**Aim of the exercise**
Leaving out all pictures, transcribe the lines below exactly, from the first through the line containing "近所の中学生たちがウミショウブレフュジア内を泳いで観察しました。".
*** Opening Supplied records ***
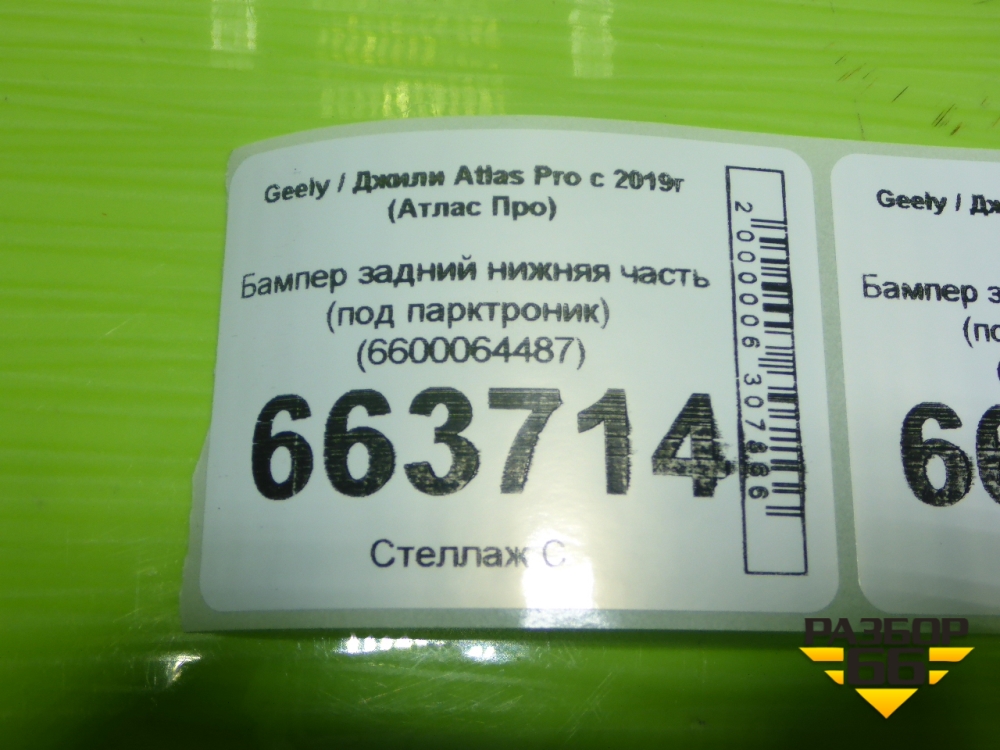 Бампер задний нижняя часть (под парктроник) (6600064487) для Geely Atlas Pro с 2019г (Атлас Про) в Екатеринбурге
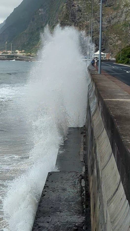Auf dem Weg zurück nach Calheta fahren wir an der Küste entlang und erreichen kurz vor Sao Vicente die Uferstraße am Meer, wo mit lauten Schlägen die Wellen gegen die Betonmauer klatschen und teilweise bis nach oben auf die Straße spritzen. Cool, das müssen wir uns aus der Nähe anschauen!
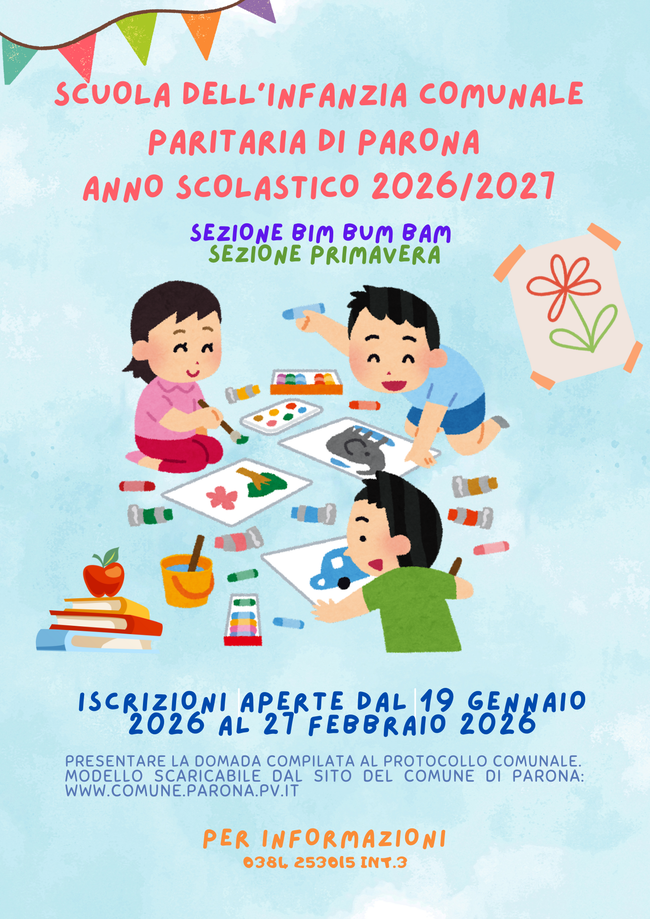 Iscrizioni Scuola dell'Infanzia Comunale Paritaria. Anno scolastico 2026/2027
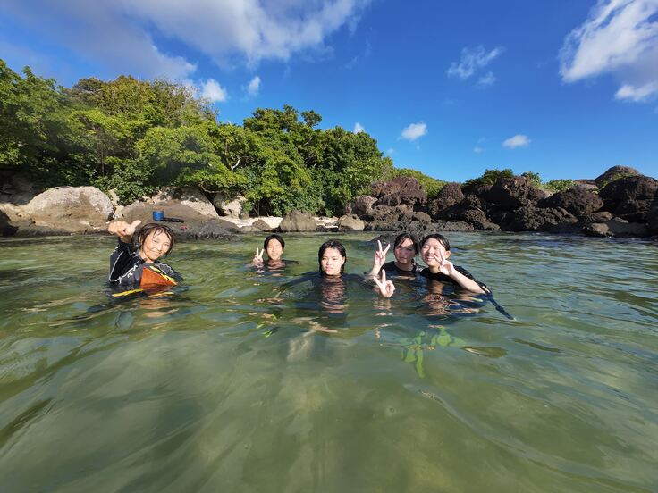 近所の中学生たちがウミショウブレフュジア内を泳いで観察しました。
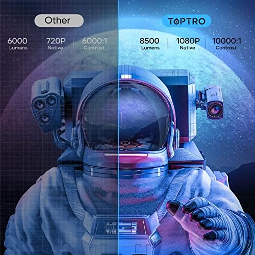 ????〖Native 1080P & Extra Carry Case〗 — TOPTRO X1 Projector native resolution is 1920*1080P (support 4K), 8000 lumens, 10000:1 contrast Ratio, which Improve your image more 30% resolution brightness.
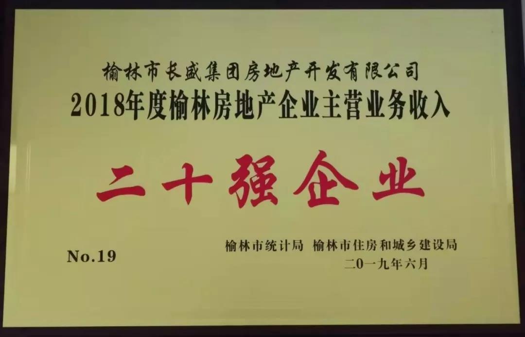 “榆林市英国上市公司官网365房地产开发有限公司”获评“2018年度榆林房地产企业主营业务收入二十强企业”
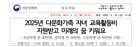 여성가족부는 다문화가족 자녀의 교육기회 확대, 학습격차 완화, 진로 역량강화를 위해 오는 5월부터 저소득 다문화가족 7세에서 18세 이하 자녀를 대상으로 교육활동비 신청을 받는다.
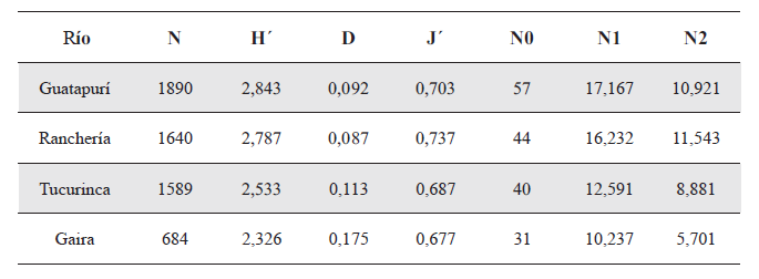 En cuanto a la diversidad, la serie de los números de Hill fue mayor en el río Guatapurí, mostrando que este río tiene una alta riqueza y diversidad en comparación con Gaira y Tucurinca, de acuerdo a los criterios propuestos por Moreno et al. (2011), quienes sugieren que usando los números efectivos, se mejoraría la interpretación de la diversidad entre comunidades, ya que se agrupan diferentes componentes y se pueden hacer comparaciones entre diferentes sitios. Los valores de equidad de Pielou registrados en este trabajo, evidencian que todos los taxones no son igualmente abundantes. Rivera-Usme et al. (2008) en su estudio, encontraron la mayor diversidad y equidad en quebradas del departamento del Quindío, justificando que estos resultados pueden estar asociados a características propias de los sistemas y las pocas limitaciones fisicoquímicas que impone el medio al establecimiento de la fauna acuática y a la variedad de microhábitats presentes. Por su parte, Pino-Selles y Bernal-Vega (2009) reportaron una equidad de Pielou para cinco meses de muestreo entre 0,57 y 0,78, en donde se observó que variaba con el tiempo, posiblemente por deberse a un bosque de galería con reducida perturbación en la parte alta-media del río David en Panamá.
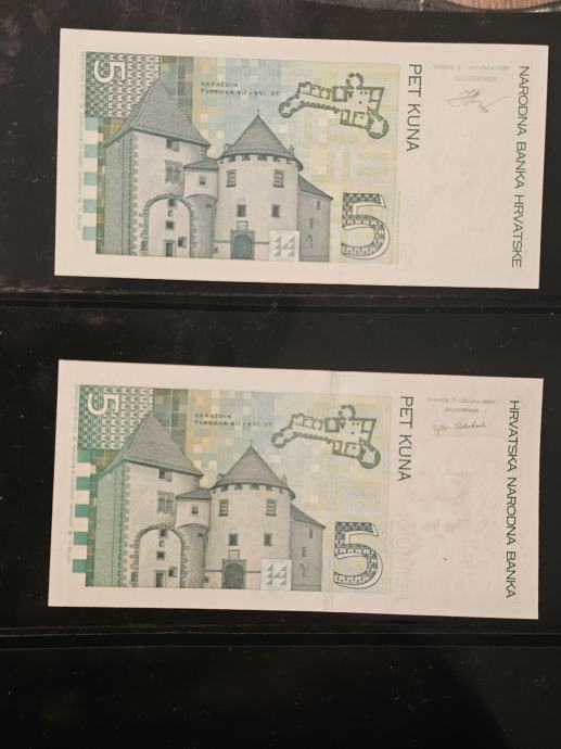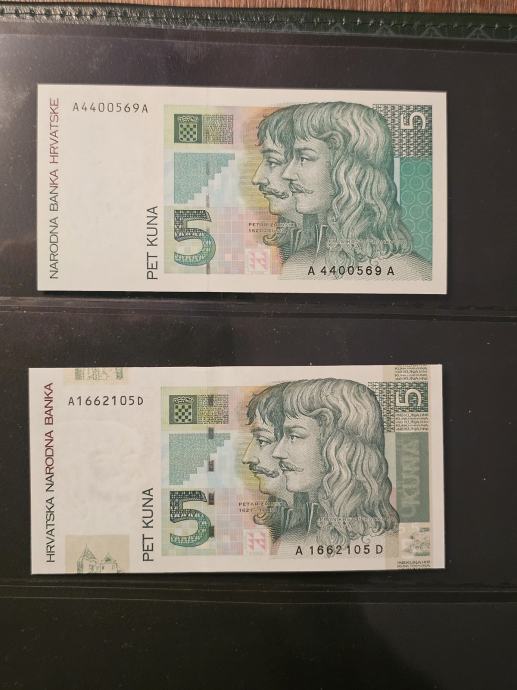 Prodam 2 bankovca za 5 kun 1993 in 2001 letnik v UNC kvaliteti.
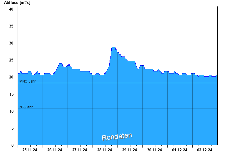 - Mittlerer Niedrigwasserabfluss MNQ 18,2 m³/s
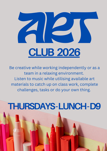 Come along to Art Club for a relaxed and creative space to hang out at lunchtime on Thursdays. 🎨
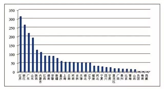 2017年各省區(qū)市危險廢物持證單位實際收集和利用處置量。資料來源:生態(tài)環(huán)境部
*** Closing Supplied records ***
**Solution to the problem**
 Бампер задний нижняя часть (под парктроник) (6600064487) для Geely Atlas Pro с 2019г (Атлас Про) в Екатеринбурге
Auf dem Weg zurück nach Calheta fahren wir an der Küste entlang und erreichen kurz vor Sao Vicente die Uferstraße am Meer, wo mit lauten Schlägen die Wellen gegen die Betonmauer klatschen und teilweise bis nach oben auf die Straße spritzen. Cool, das müssen wir uns aus der Nähe anschauen!
 Iscrizioni Scuola dell'Infanzia Comunale Paritaria. Anno scolastico 2026/2027
 近所の中学生たちがウミショウブレフュジア内を泳いで観察しました。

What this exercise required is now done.